Hundreds rally to launch 14-day walk for Port Augusta solar thermal

The public campaign to replace South Australia’s only coal power capacity with solar thermal power moved up a gear over the weekend, with a rally in Port Augusta on Sunday to launch a 14-day, 325km 100-person pilgrimage to Adelaide’s Parliament House, where another rally will call for the state government to replace the town’s two ageing coal-fired power plants with Australia’s first solar thermal plant.

Between 200-300 people gathered on Sunday in Gladstone Square in central Port Augusta to show support for the community-generated proposal to convert of the town’s Playford B (240 MW) and Northern power stations (520 MW) into solar thermal facilities.

The two brown-coal burning plants – which provide 20 per cent of the state’s electricity, and are responsible for 50 per cent its electricity-related emissions – are slated for closure.  Their owner, Alinta Energy, has taken both off-line, with Northern possibly returning for the summer high demand. Its application for a buyout in the contracts for closures scheme was rejected, creating further uncertainty about when they would be permanently closed.

According to the blueprint for a two-phase replacement scenario, put together by renewables thinktank Beyond Zero Emissions, a concentrating solar thermal plant with energy storage capability, such as molten salt storage, would offer “a direct alternative to baseload coal and gas plants,” allowing for “the reliable dispatchable generation of renewable electricity 24 hours a day.”

This concept has since gained huge support – including from high-profile figures like entrepreneur Dick Smith and ABC radio’s Dr Karl Kruszelnicki – with a July poll coordinated by community group Repower Port Augusta (the same group behind the Walk for Solar) turning up 4053 votes from local residents in support of the solar thermal plan, while just 43 voted for gas-fired power to replace the coal.

A spokesperson for Repower Port Augusta – an alliance that includes the Port Augusta council, small business groups, Beyond Zero Emissions, 100% Renewables and other health and environmental organisations – said around 20 locals yesterday joined the first leg of the Walk for Solar, along with around 80 others who would be doing the full two-week trek.

Gary Rowbottom, a 50-year old lifelong Port Augusta local who has worked at the Port Augusta power station for 13 years, said he was participating in the walk because he believed in the value of the project, which had been shown to be technically and commercially feasible.

“The beneficiaries of this project in order of impact breadth are the power station employees and their families, all residents of Port Augusta, South Australia, Australia and then planet earth. In order of true priority the order runs the other way. All of these are very important to me.”

Encouragingly, the plan has also gained the support of South Australia’s Mineral Resources and Energy Minister, Tom Koutsantonis, who last month said he was willing to lobby the federal government and Alinta Energy (although Alinta is also said to be supportive of the solar plan, given government support) to invest in solar thermal after he visited Nevada in the US to research the technology.

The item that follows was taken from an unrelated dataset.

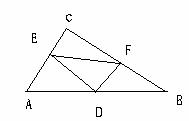 在RT△ABC中,∠C=90°,D是AB的中点,E、F分别在AC、BC上,且DE⊥DF,求证:EF的平方等于AE的平方加BF的平方。

But despite this support from inside government ranks, Repower says state and federal governments have yet to commit to supporting solar thermal and have instead continued to direct funding to Australia’s fossil-fuelled power plants.

“The federal government is giving $4.5 billion to our dirtiest coal power stations for them to remain open – even if they only function for one day a year,” said Repower spokesperson Daniel Spencer. “They should re-direct this money to building a big solar plant in Port Augusta, which will keep jobs in the town.”

Beyond Zero Emissions estimates that replacing both power stations with solar thermal would create about 1,300 jobs in the construction phase and 250 ongoing operations and maintenance positions – similar to the size of the current coal-fired power station work force – and would reduce long-term carbon dioxide emissions by some 100 million tonnes.

Repower says the first step in this process would be for Alinta to build a 50MW demonstration plant with storage, and that money towards this could come from ARENA, CEFC or from redirecting some of the above-mentioned carbon compensation billions, of which $60 million is earmarked for the Port Augusta power stations.

“The Port Augusta community has made their choice clear – now the government needs to make it happen,” said Ellen Sandell, national director of the Australian Youth Climate Coalition, a member of the Alliance. “Building solar thermal will keep jobs in the town and have health and climate benefits. The council, businesses and even the power company, Alinta, all want to see this built.”

Meanwhile, more people are expected to join the Walk for Solar as it heads to Parliament House in Adelaide to further discuss the proposal and the community vote with politicians. Repower Port Augusta says over 300 people signed up for the walk.

Nick Taylor – an 28 year-old engineer with a background in power generation technology, who retired to form the WA arm of the Australian Youth Climate Commission – is one of those walking the whole 300km.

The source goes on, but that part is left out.